Google Search Appliance

Office of Information Technology

Diagnosing Index Problems

You should periodically check your Crawl Diagnostics (in the Status and Reports section) for "runaway" crawling on your servers. The Search Appliance will crawl indefinitely on a Web site if it allows for deep-recursive linking. A problematic URL will have the same directories repeated in sequence. The Search Appliance thinks it is descending into subdirectories and discovering new pages to crawl, when actually the same pages are being served at each level.
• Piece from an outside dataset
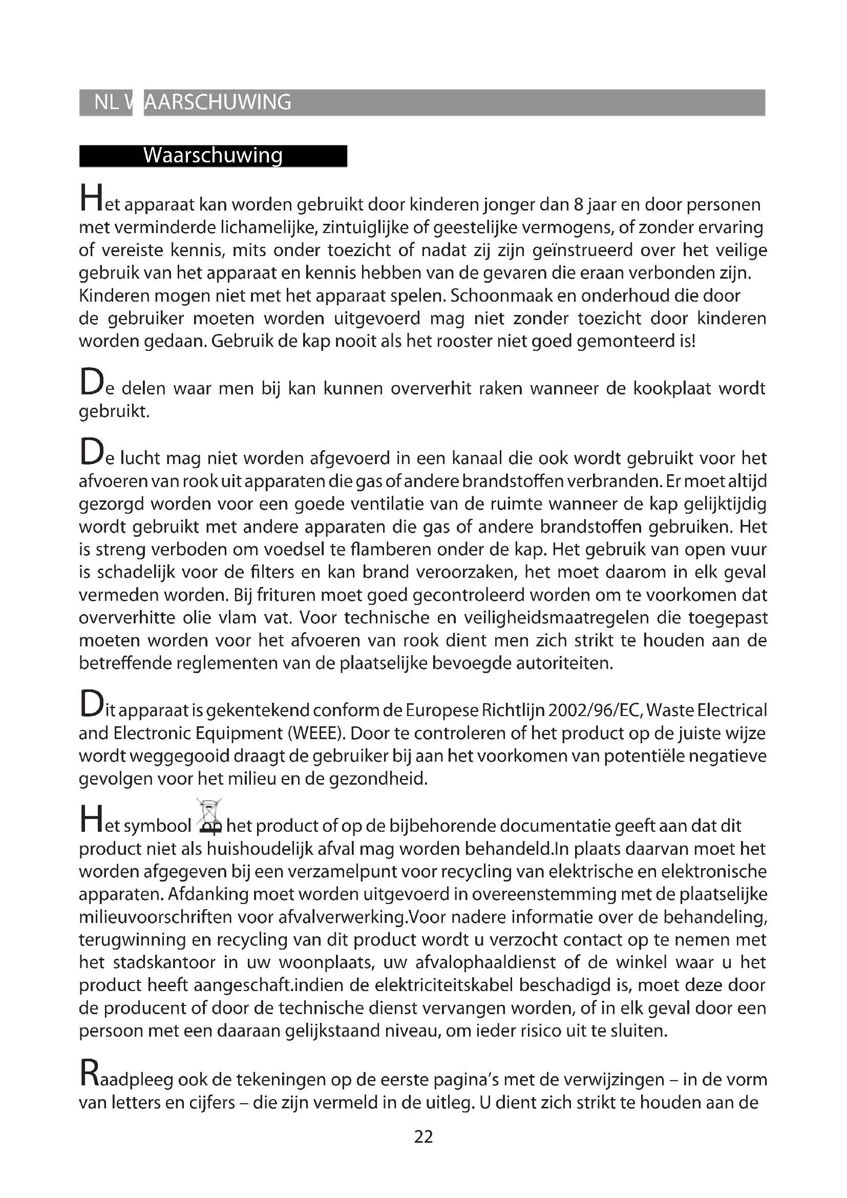 FENTRETIEN Entretien Veillez a débrancher la hotte du réseau électrique avant toute intervention sur celle- ci. Nettoyage La hotte doit être nettoyée fréquemment tant à l’intérieur (à l’exception de la zone derrière le ltre à graisse) qu’à l’extérieur. Pour le nettoyage, utilisez un chion avec des détergents liquides neutres. Évitez d’utiliser des produits à base d’abrasifs. Attention Le non respect des règles de nettoyage de la hotte, de la substitution et du nettoyage des ltres comporte des risques d’incendie. Nous recommandons donc vivement de respecter ces instructions. Filtre antigraisse doit être nettoyé une fois par mois avec un détergent non agressif, à la main ou dans le lave vaisselle à basse température et pendant un cycle court. Le lavage du ltre anti-graisse métallique au lave-vaisselle peut en provoquer la décoloration. Toutefois, les caractéristiques de ltrage ne seront en aucun cas modiées. Filtre à charbon (seulement pour les versions ltrantes) Le ltre à charbons actifs F n’est ni lavable ni recyclable. En cas d’usage normal, il doit être remplacé tous les 6 mois. Il retient les mauvaises odeurs issues de la cuisson. Réduction de l’impact environnemental: Pour contenir les consommations de l’électroménager, il est conseiller de toujours utiliser la vitesse d’aspiration la plus basse parmi celles les plus adaptées au type de cuisson en cours, de ne pas laisser le dispositif en fonction pour plus de 15 minutes après l’arrêt des feux et de toujours éteindre les lumières si le consommateur s’éloigne de la zone de cuisson. Changement de l’ampoule Attention! Avant de toucher les lampes, assurez-vous qu’elles soient froides. LAMPES À LED En cas de dysfonctionnement du groupe d’éclairage à leds, contactez le service d’assistance technique pour remplacer la totalité du groupe.22 Waarschuwing NL WAARSCHUWING Het apparaat kan worden gebruikt door kinderen jonger dan 8 jaar en door personen met verminderde lichamelijke, zintuiglijke of geestelijke vermogens, of zonder ervaring of vereiste kennis, mits onder toezicht of nadat zij zijn geïnstrueerd over het veilige gebruik van het apparaat en kennis hebben van de gevaren die eraan verbonden zijn. Kinderen mogen niet met het apparaat spelen. Schoonmaak en onderhoud die door de gebruiker moeten worden uitgevoerd mag niet zonder toezicht door kinderen worden gedaan. Gebruik de kap nooit als het rooster niet goed gemonteerd is! De delen waar men bij kan kunnen oververhit raken wanneer de kookplaat wordt gebruikt. De lucht mag niet worden afgevoerd in een kanaal die ook wordt gebruikt voor het afvoeren van rook uit apparaten die gas of andere brandstoen verbranden. Er moet altijd gezorgd worden voor een goede ventilatie van de ruimte wanneer de kap gelijktijdig wordt gebruikt met andere apparaten die gas of andere brandstoen gebruiken. Het is streng verboden om voedsel te amberen onder de kap. Het gebruik van open vuur is schadelijk voor de lters en kan brand veroorzaken, het moet daarom in elk geval vermeden worden. Bij frituren moet goed gecontroleerd worden om te voorkomen dat oververhitte olie vlam vat. Voor technische en veiligheidsmaatregelen die toegepast moeten worden voor het afvoeren van rook dient men zich strikt te houden aan de betreende reglementen van de plaatselijke bevoegde autoriteiten. Dit apparaat is gekentekend conform de Europese Richtlijn 2002/96/EC, Waste Electrical and Electronic Equipment (WEEE). Door te controleren of het product op de juiste wijze wordt weggegooid draagt de gebruiker bij aan het voorkomen van potentiële negatieve gevolgen voor het milieu en de gezondheid. Het symbool op het product of op de bijbehorende documentatie geeft aan dat dit product niet als huishoudelijk afval mag worden behandeld.In plaats daarvan moet het worden afgegeven bij een verzamelpunt voor recycling van elektrische en elektronische apparaten. Afdanking moet worden uitgevoerd in overeenstemming met de plaatselijke milieuvoorschriften voor afvalverwerking.Voor nadere informatie over de behandeling, terugwinning en recycling van dit product wordt u verzocht contact op te nemen met het stadskantoor in uw woonplaats, uw afvalophaaldienst of de winkel waar u het product heeft aangeschaft.indien de elektriciteitskabel beschadigd is, moet deze door de producent of door de technische dienst vervangen worden, of in elk geval door een persoon met een daaraan gelijkstaand niveau, om ieder risico uit te sluiten. Raadpleeg ook de tekeningen op de eerste pagina’s met de verwijzingen – in de vorm van letters en cijfers – die zijn vermeld in de uitleg. U dient zich strikt te houden aan deNLWAARSCHUWING aanwijzingen in deze gebruiksaanwijzing. Elke aansprakelijkheid voor eventuele ongelukken, schade of brand veroorzaakt door het apparaat, voortkomend uit het niet opvolgen van de instructies in deze gebruiksaanwijzing, wordt afgewezen. Aangeraden wordt om de kap niet te bevestigen aan een muur die het gewicht niet kan dragen, bijvoorbeeld een wand van gipskarton, en om het apparaat niet in een kast in te bouwen. In het geval van een elektrisch fornuis moet de afzuigkap minstens 60 cm van de kookplaat afgelegen zijn en 60 cm in geval van gas of gemengd fornuis. Indien in de installatie-aanwijzing van het gaskooktoestel een grotere afstand wordt aangegeven moet hiermee rekening worden gehouden. De afzuigkap is voorzien van een boven luchtafvoer B voor de afvoer van rook naar buiten in geval van modellen met schoorsteen C (Zuigversie A - afvoerbuis niet bijgeleverd). In het geval dat het niet mogelijk is dampen en rook naar buiten af te voeren ook al is men voorzien van het model met schoorsteen C, kan de afzuigkap in de lterversie F gebruikt worden door de montage van 1 koolstolter F, de rook en de dampen worden gerecycleerd door middel van het bovenrooster G. Controleer of er in de buurt van de kap een elektrisch stopcontact is en of de installatie voorzien i

  1. In the Crawl Diagnostics for your collection, click the Crawled URLs column header to put the servers with the highest number of crawled documents at the top of the list.
  2. Look for an unusually high number of crawled URLs, and then follow the link for the corresponding host name.
  3. Proceed in this manner, looking for directories on the host (server) with the highest successful crawl counts and following the links for those directories. Look for the last page or directory to have the most outstanding crawl count (usually on the order of 100,000 or 1,000,000) as you descend the directory hierarchy.
  4. Follow the link in the File column for a page in this directory to view its crawl diagnostics.
  5. Follow the link to view a list of crawled pages linking to that page. This process will usually give you an indication of which pages are linking improperly to neighboring pages.

If you find a runaway crawl on one of your Web sites, please inform the Support Team so we can either add a URL pattern to exclude the problematic pages or contact the page authors to correct the problem.

Contact U of M Privacy
© Regents of the University of Minnesota. All rights reserved.
The University of Minnesota is an equal opportunity educator and employer.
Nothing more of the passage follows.